How does this happen? Zeynep Tufekci, an assistant professor at the University of North Carolina at Chapel Hill's School of Information and Library Science, tells NPR's Arun Rath that biases can enter algorithms in various ways — not just intentionally.
"More often," she says, "they come through the complexity of the program and the limits of the data they have. And if there are some imperfections in your data — and there always [are] — that's going to be reflected as a bias in your system."
Interview Highlights
On bias in the Facebook "environment"
These systems have very limited input capacity. So for example, on Facebook, which is most people's experience with an algorithm, the only thing you can do to signal to the algorithm that you care about something is to either click on "Like" or to comment on it. The algorithm, by forcing me to only "Like" something, it's creating an environment — to be honest, my Facebook is full of babies and engagements and happy vacations, which I don't mind. I mean, I like that.

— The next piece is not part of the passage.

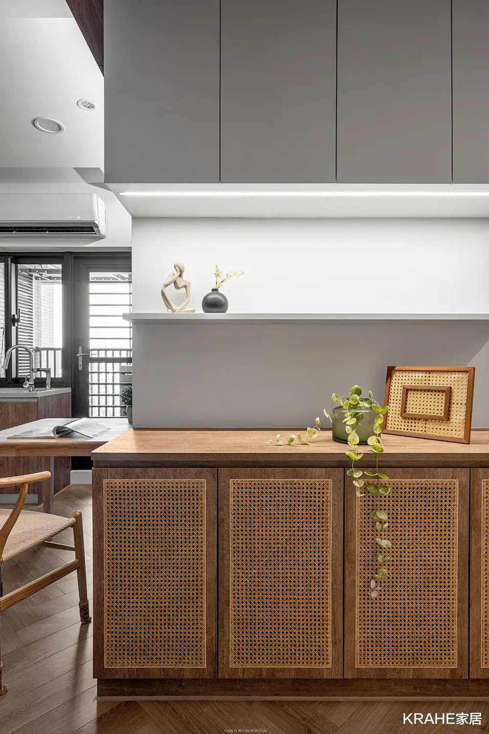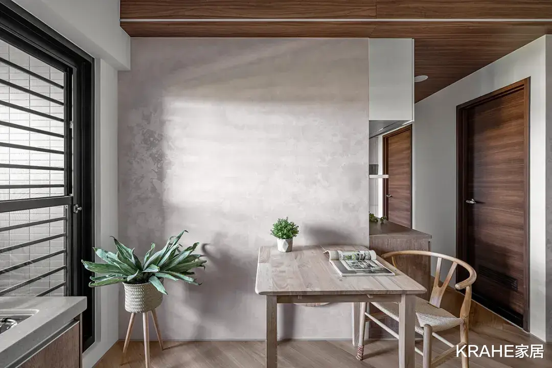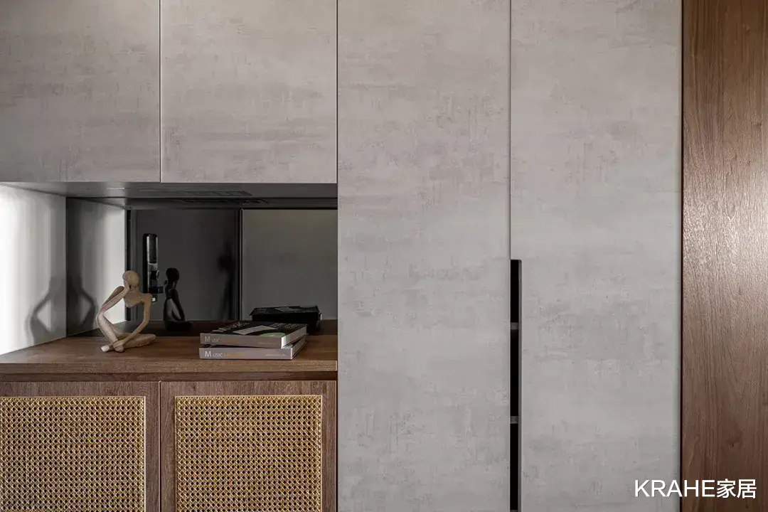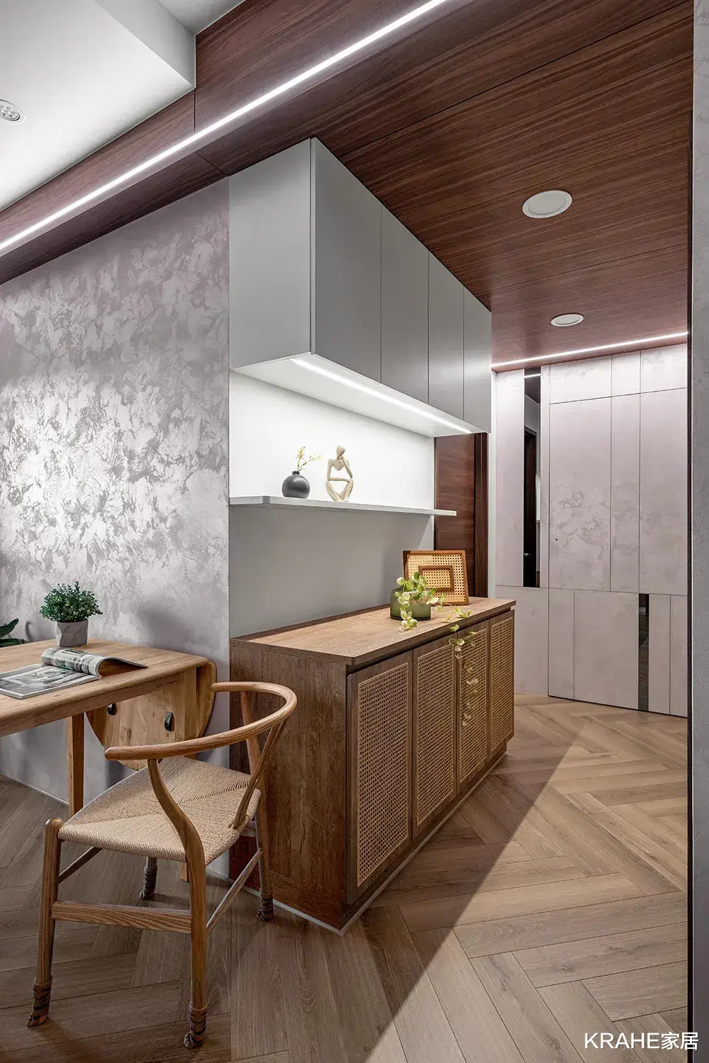 餐边柜靠近餐桌,提供了额外的存储空间,也可用作茶水柜。走廊经过客变后,长度缩短,门被隐藏起来,创造了一种连续的视觉效果。
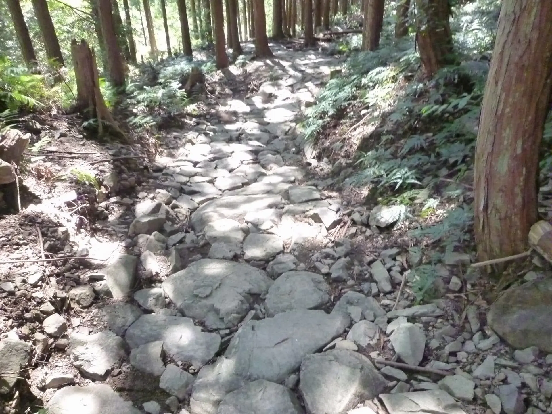 途中、古道の斜面を石積みしてあるところ、最後の方は、石畳が残る古道が続き、とっても趣がありました。40分ほどで登山口に到着。

When I see it, I click on "Like" — and then Facebook shows me more babies.
And it doesn't show me the desperate, sad news that I also care about a lot, that might be coming from a friend who doesn't have "likable" news.
How biases creep into computer code
One, they can be programmed in directly, but I think that's rare. I don't think programmers sit around thinking, you know, "Let us make life hard for a certain group" or not. More often, they come through the complexity of the program and the limits of the data they have. And if there are some imperfections in your data — and there always [are] — that's going to be reflected as a bias in your system.
Sometimes [biases] can come in through the confusing complexity. A modern program can be so multi-branch that no one person has all the scenarios in their head.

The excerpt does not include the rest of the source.